Used in the Food Industry:
6-Methylsalicylaldehyde is used as a flavoring agent for its distinctive floral and sweet aroma, enhancing the taste and scent of various food products.
Used in Perfumes and Cosmetic Products:
In the fragrance industry, 6-Methylsalicylaldehyde serves as an ingredient to impart a pleasant and complex scent to perfumes and cosmetic products, adding depth and character to their olfactory profiles.
Used in Pharmaceutical Synthesis:
6-Methylsalicylaldehyde is utilized as a starting material in the synthesis of pharmaceuticals, contributing to the development of new drugs and medicinal compounds.

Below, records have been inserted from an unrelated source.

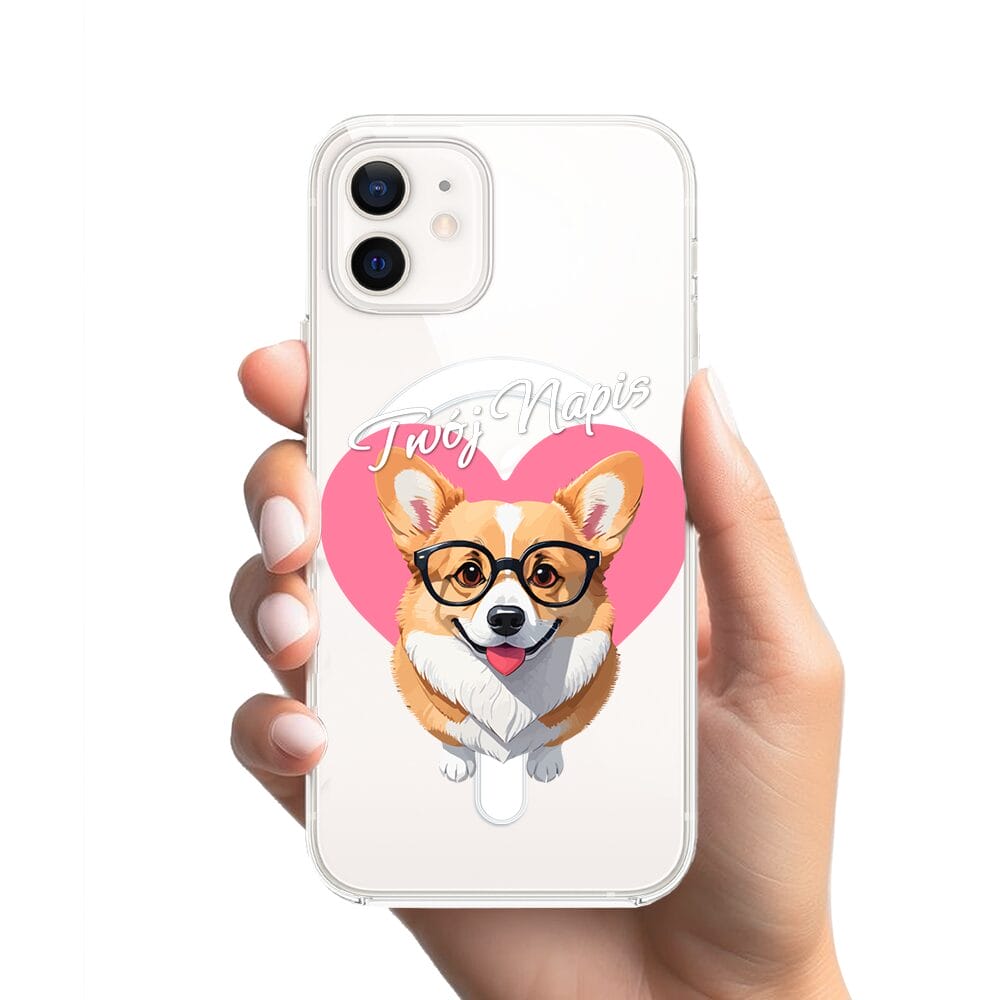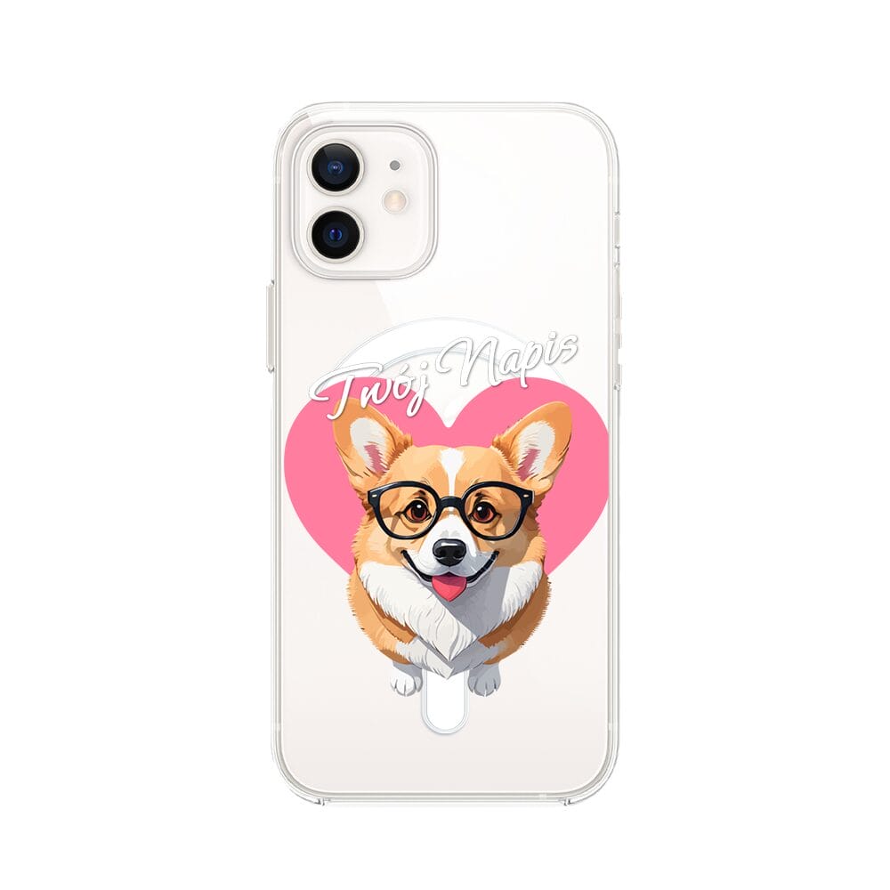 Etui do iPhone 12 z MagSafe przeźroczyste, silikonowe Flexi, Puppy Love, pies rasy Corgi
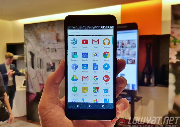 The Nexus 6P on display was the Black version (though it really is a dark grey tone than black), while one of the Google staff at the demo area was using his own Silver Nexus 6P. In all honesty, the Silver variant is without a doubt one of the best-looking metal-clad smartphones released in recent times – there’s a sense of class in the way the alloy reflects light, while the contrast with the black camera strip at the top gives it a uniqueness that most phones today lack (just don’t tell that to ZTE).
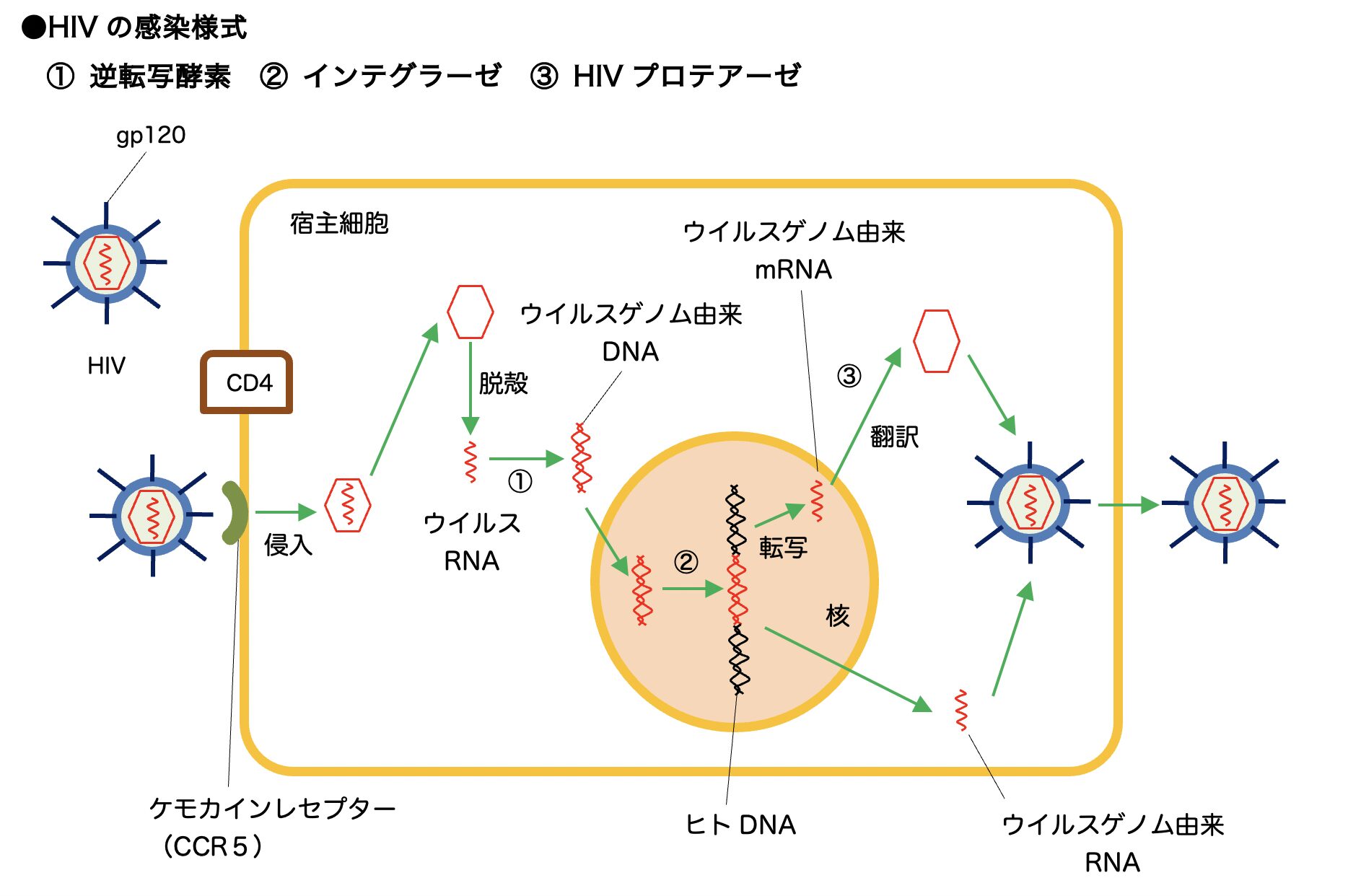 - 逆転写酵素を持ち、RNAをDNAに変換し宿主細胞のゲノムに組み込むことで、長期的な感染を維持する。
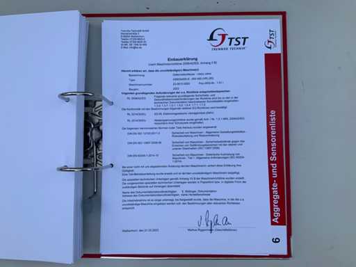 Dostarczony wraz z dołączoną obsługą, o nośności 2000kg/h; moc 90 kW; rotor 1398 obr./min, materiał suszony w stalowej suszarce bębnowej, wyposażony w stalowy przenośnik ślimakowy do podawania; Wysokość wyładunku około 2800 mm, produkt jest usuwany za pomocą dmuchawy transportowej, maszyna służyła w testach jedynie przez około 800-850 godzin pracy, wózek widłowy dostępny do załadunku i przeglądania reantec.de strony internetowej dla innych informacji.
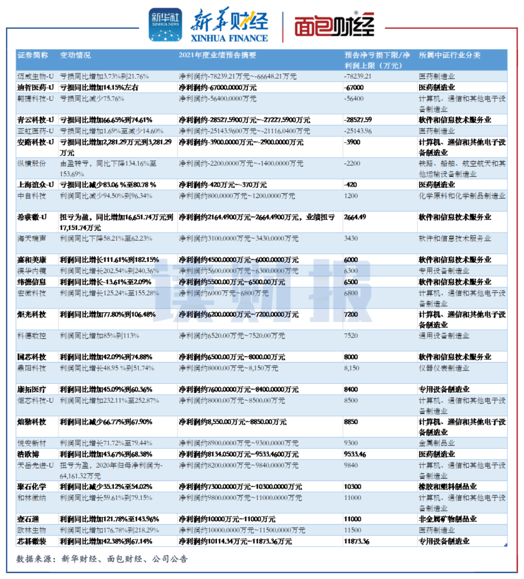 根據各家公司2021年的業績預告,合計134家上市公司預告歸母凈利潤為正,其中117家公司預告較上年同期增加。按凈利潤的上限做統計,在預盈金額最低的20家公司中,芯原股份-U、艾力斯-U、三生國健、希荻微-U和百奧泰-U實現扭虧為盈。
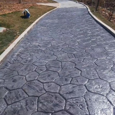 5、使用藝術(shù)地坪模具對地坪面層進行紋理處理。藝術(shù)地坪模具應配套使用,首先確定好紋理的分布方向,選好一塊模具放置的位置和角度,然后其它的模具依次緊貼一塊模具放置。彩色混凝土藝術(shù)地坪壓模采用壓模,壓模應由技術(shù)較好的人員進行作業(yè)以保證壓紋深度一致和模具放置的準確性。
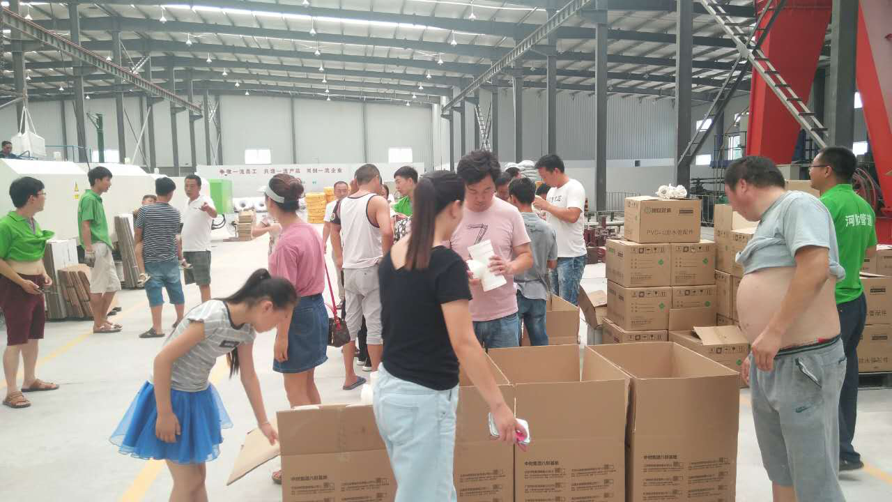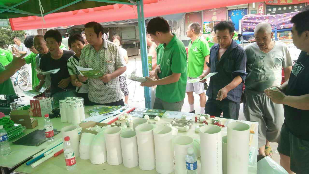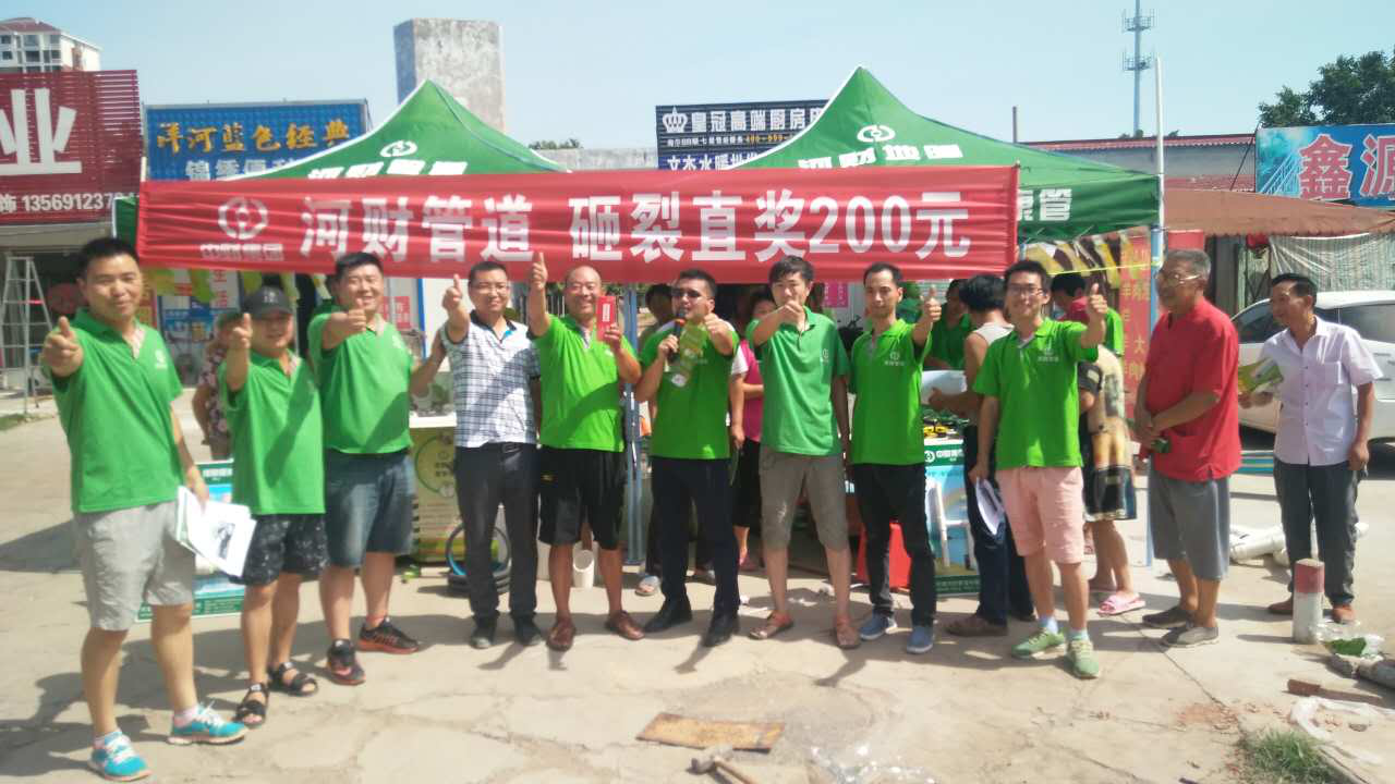 隨后的7月8日-10日三天時間拉練隊伍成員不懼40℃的炎熱酷暑,在溫縣鄉(xiāng)鎮(zhèn)組織了7場產(chǎn)品宣傳的砸管件活動。每一場活動在當(dāng)?shù)囟家鹁薮蠓错懀⒌玫疆?dāng)?shù)匕傩盏姆Q贊好評,河財管道的知名度得到了迅速提升。

Used in Organic Compound Preparation:
6-Methylsalicylaldehyde also plays a role in the preparation of various organic compounds, serving as a versatile building block in organic chemistry.
Used in Antimicrobial Applications:
6-Methylsalicylaldehyde exhibits antimicrobial properties, making it a potential candidate for use in products that require bacterial control or prevention of microbial growth.
Used in Antioxidant Applications:
Due to its antioxidant properties, 6-Methylsalicylaldehyde can be employed in applications where protection against oxidative damage is necessary, such as in certain industrial processes or in the formulation of certain products.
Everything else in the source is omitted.